Lineage granularity exists on a spectrum. Knowing these three levels and their trade-offs shows interviewers you understand the practical reality.
Tracks dependencies between tables and views. The simplest form: 'table B reads from table A.' Captured by parsing SQL or inspecting DAG definitions. Most orchestrators (Airflow, dbt) provide this level natively.
Tracks how individual columns flow through transformations. Shows that report.total_revenue comes from SUM(orders.unit_price * orders.quantity). Requires SQL parsing or runtime instrumentation. dbt, SQLGlot, and OpenLineage can extract this.
Captures the exact logic applied at each step. Knows that a column was filtered (WHERE status = 'active'), aggregated (SUM), or joined (LEFT JOIN on customer_id). Enables answering 'why is this row missing?' by showing which filter excluded it.
Lineage is not academic. It solves real operational problems that interviewers have dealt with firsthand.
When a metric drops 40% overnight, the first question is 'what changed upstream?' Without lineage, engineers grep through DAG code and Slack threads. With lineage, they trace the metric back through every transformation to the source that broke.
Before deprecating a column or changing a table schema, you need to know every downstream consumer. Lineage provides this automatically. Without it, you send a Slack message asking 'does anyone use this table?' and hope for the best.
GDPR, CCPA, and HIPAA require organizations to document where personal data flows. Lineage metadata answers audit questions like 'which systems store customer email addresses?' and 'can you prove this PII was deleted from all downstream tables?'
Data consumers need to trust the numbers they see. Lineage connects a dashboard metric to its exact SQL definition and source tables. When a VP asks 'where does this revenue number come from?', lineage provides a verifiable answer.
Interviewers expect you to know the ecosystem. Name the tool, but more importantly, explain where it fits in the architecture.
An open specification for lineage metadata events. Defines a JSON schema for run, job, and dataset events. Supported by Airflow, Spark, dbt, and Flink. The lingua franca for interoperable lineage.
Reference implementation of OpenLineage. Stores lineage events and provides a REST API and UI for exploring lineage graphs. Lightweight, easy to self-host.
Metadata platform by LinkedIn (now Acryl Data). Captures lineage alongside data discovery, quality, and ownership. Modern architecture with a GraphQL API.
Metadata governance platform originally built for Hadoop. Captures lineage from Hive, Spark, and Hadoop ecosystem tools. Common in legacy on-prem environments.

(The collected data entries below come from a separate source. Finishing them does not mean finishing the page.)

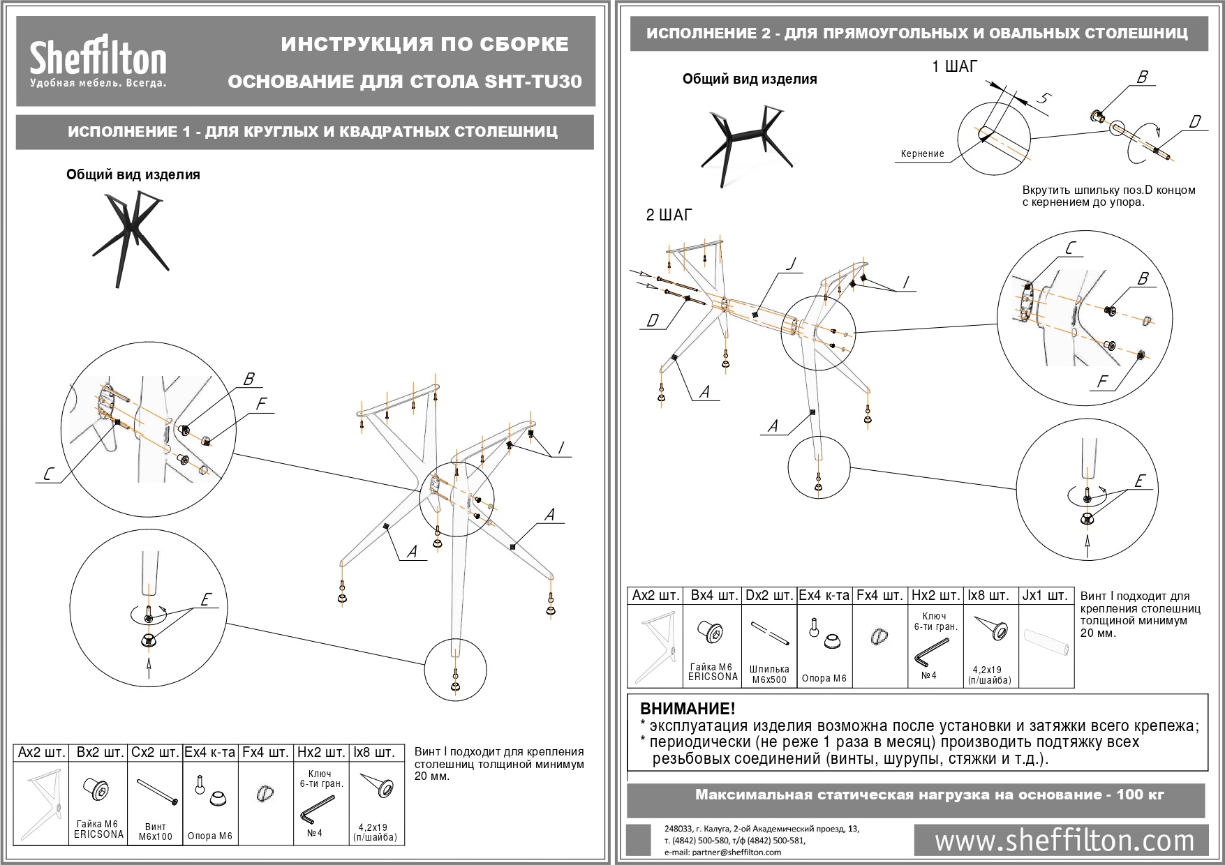 Специальная дополнительная вставка позволяет увеличить базу подстолья и использовать его для столешниц больших размеров (800*1200). При желании можно убрать вставку и использовать основание для квадратных или круглых столешниц.
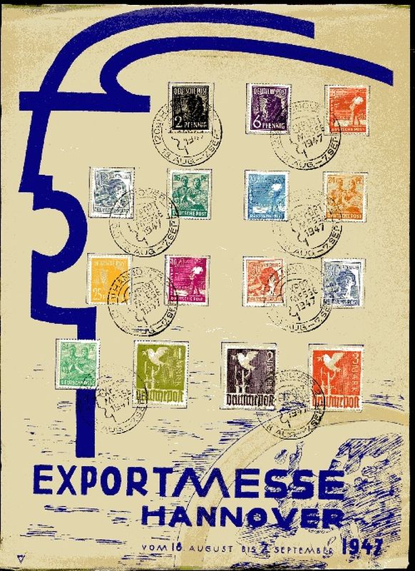 1947 Mi.Nr. 943/62 , ex. Messe - Ausgabe mit Messe - Sonderstempel "EXPORTMESSE HANNOVER vom 18. August bis 7. September 1947. Sonderblattausgabe.
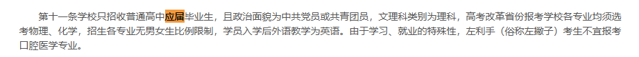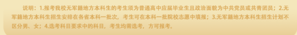 陆军军医大学(第三军医大学)2025年无军籍地方本科生招生章程明确:学校只招收符合生源地报名条件且为中共党员或者共青团员的普通高中应届毕业生。
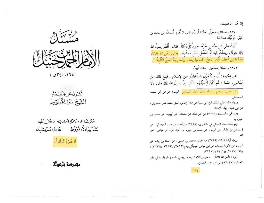 عَنْ سَعِيدِ بْنِ جُبَيْرٍ، قَالَ: كُنَّا عِنْدَ ابْنِ عَبَّاسٍ بِعَرَفَةَ، فَقَالَ: يَا سَعِيدُ مَا لِي لَا أَسْمَعُ النَّاسَ يُلَبُّونَ؟ ” فَقُلْتُ: يَخَافُونَ مُعَاوِيَةَ فَخَرَجَ ابْنُ عَبَّاسٍ مِنْ فُسْطَاطِهِ، فَقَالَ: ” لَبَّيْكَ اللهُمَّ لَبَّيْكَ وَإِنْ رَغِمَ أَنْفُ مُعَاوِيَةَ اللهُمَّ الْعَنْهُمْ فَقَدْ تَرَكُوا السُّنَّةَ مِنْ بُغْضِ عَلِيٍّ
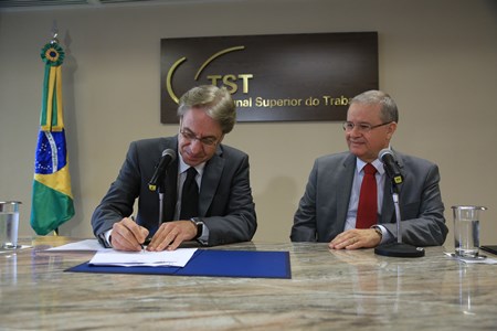 25/03/2015 - O Conselho Superior da Justiça do Trabalho (CSJT) e o Tribunal Superior do Trabalho (TST) firmaram acordo de cooperação técnica, nesta quarta-feira (25), com o Tribunal Regional do Trabalho da 12ª Região (SC), para o desenvolvimento e a manutenção do módulo de Gestão Interna de Gabinete e Secretaria (GIGS) do Processo Judicial Eletrônico da Justiça do Trabalho (PJe-JT). Elaborado pela equipe técnica do regional catarinense, esse módulo facilita o controle de prazos processuais e o registro de estatísticas por parte de magistrados e servidores.
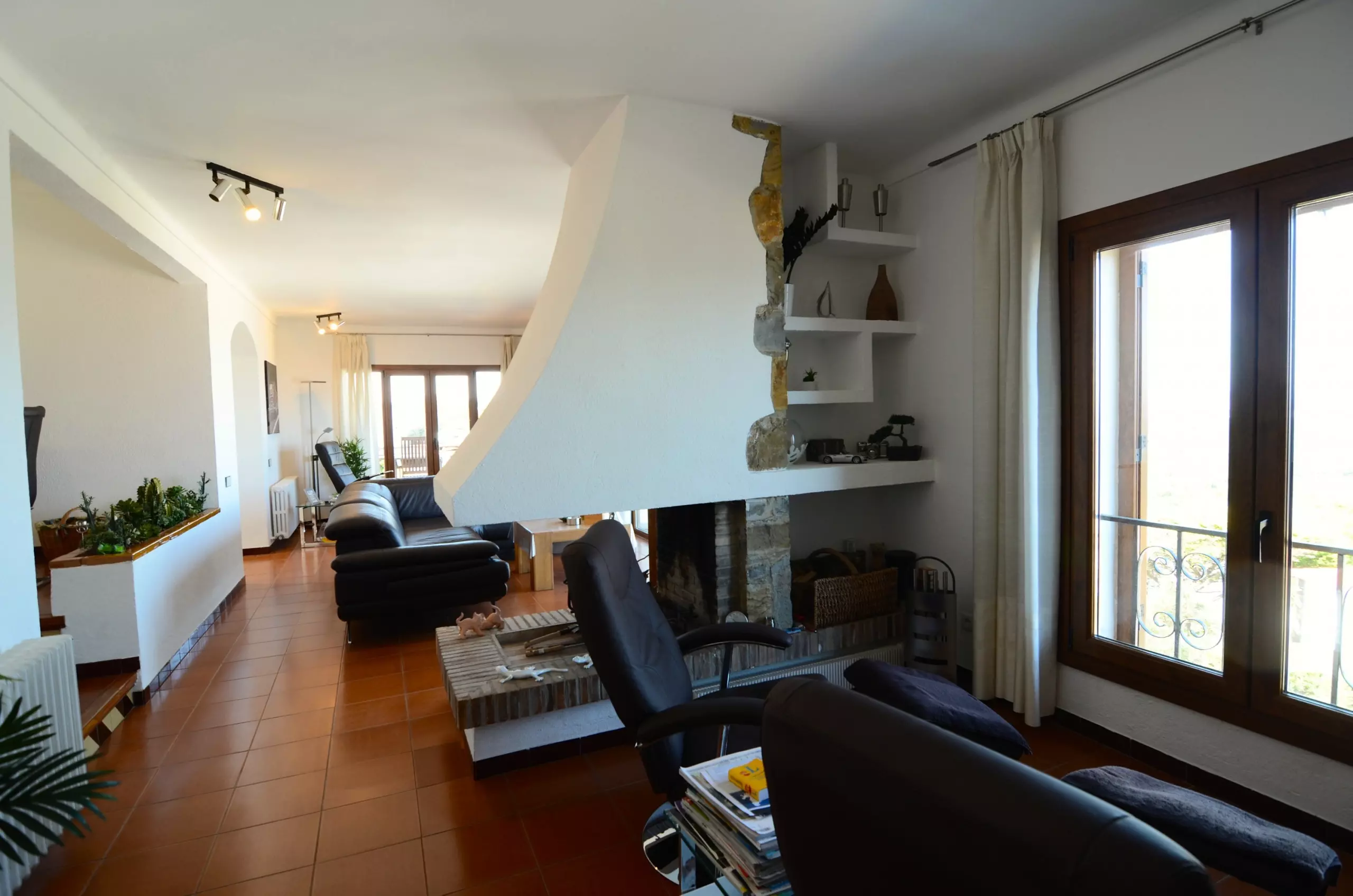 L'intérieur est divisé entre la maison principale et trois annexes : un appartement indépendant, un studio et une zone de bar et de barbecue intérieure pour les repas et les fêtes.

Captures table-level and column-level lineage as a byproduct of compiling SQL models. The ref() function creates explicit dependencies. The most common lineage source in modern data stacks.

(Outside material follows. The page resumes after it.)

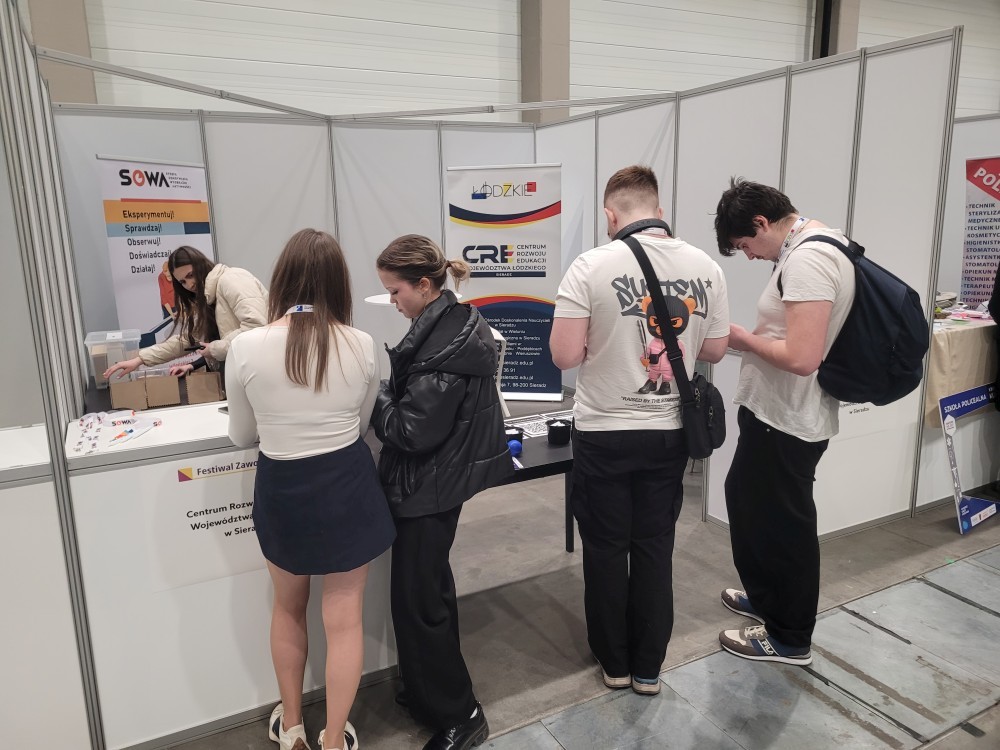 Stoisko CREWŁ w Sieradzu cieszyło się zainteresowaniem ze strony uczniów, którzy mogli podjąć kreatywne działania, rozwiązać zagadki logiczne, wykonać testy osobowościowe czy predyspozycji zawodowych pod okiem pracowników CREWŁ w Sieradzu.

Databricks governance layer capturing lineage across notebooks, jobs, and SQL queries automatically. Column-level lineage for Spark and SQL workloads.
Azure unified data governance service. Scans data sources across Azure, AWS, and on-prem to build lineage maps. Integrates with Synapse, Data Factory, and Power BI.
Enterprise data intelligence platform combining lineage with data catalog, glossary, and policy management. Targeted at large enterprises with complex governance requirements.
Interviewers rarely ask “define data lineage.” They create scenarios that require you to apply lineage thinking.
“Revenue on the executive dashboard dropped 30% yesterday. Walk me through how you investigate.”
Start with lineage: trace the metric back to its source tables, check each transformation for changes, and identify which upstream job or schema change caused the drop. Candidates who jump straight to 'check the SQL' miss the systematic approach that lineage enables.
“How would you build lineage tracking for a platform with 500 dbt models and 200 Spark jobs?”
OpenLineage as the event format, a metadata store (Marquez or DataHub), integration points with the scheduler (Airflow emitting lineage events), and column-level parsing via SQL analysis. Bonus for discussing Python transformation lineage.
“We need to rename the customer_id column to cust_id in our source system. What is the process?”
Use lineage to find every downstream table, view, dashboard, and ML model that references customer_id. Then plan the migration with versioning, backward compatibility, or coordinated changes.
“How do you prove to an auditor that customer email addresses are not stored in any analytics tables?”
Lineage shows every downstream destination of the email column. Combined with data classification tags, you can verify PII columns are masked, hashed, or excluded from analytics layers.
“We have a pipeline with no documentation: raw files, stored procedures, reporting tables. What would you change?”
Incremental lineage adoption: start with SQL parsing for table-level lineage, add OpenLineage events to the orchestrator, build a catalog UI, then iterate toward column-level granularity. Pragmatic rollout over naming tools.
What is data lineage and why does it matter?
Data lineage tracks the origin, movement, and transformation of data across systems. It matters for debugging (trace a wrong metric to its root cause), impact analysis (know what breaks before changing a table), compliance (prove where PII flows), and trust (connect dashboard metrics to their source definitions). Anchor your answer to a concrete scenario.
Difference between column-level and table-level lineage?
Table-level lineage tracks which tables depend on which other tables. Column-level lineage tracks how individual columns flow through transformations, including specific operations (SUM, JOIN, FILTER). Column-level is harder to capture but significantly more useful for debugging and impact analysis.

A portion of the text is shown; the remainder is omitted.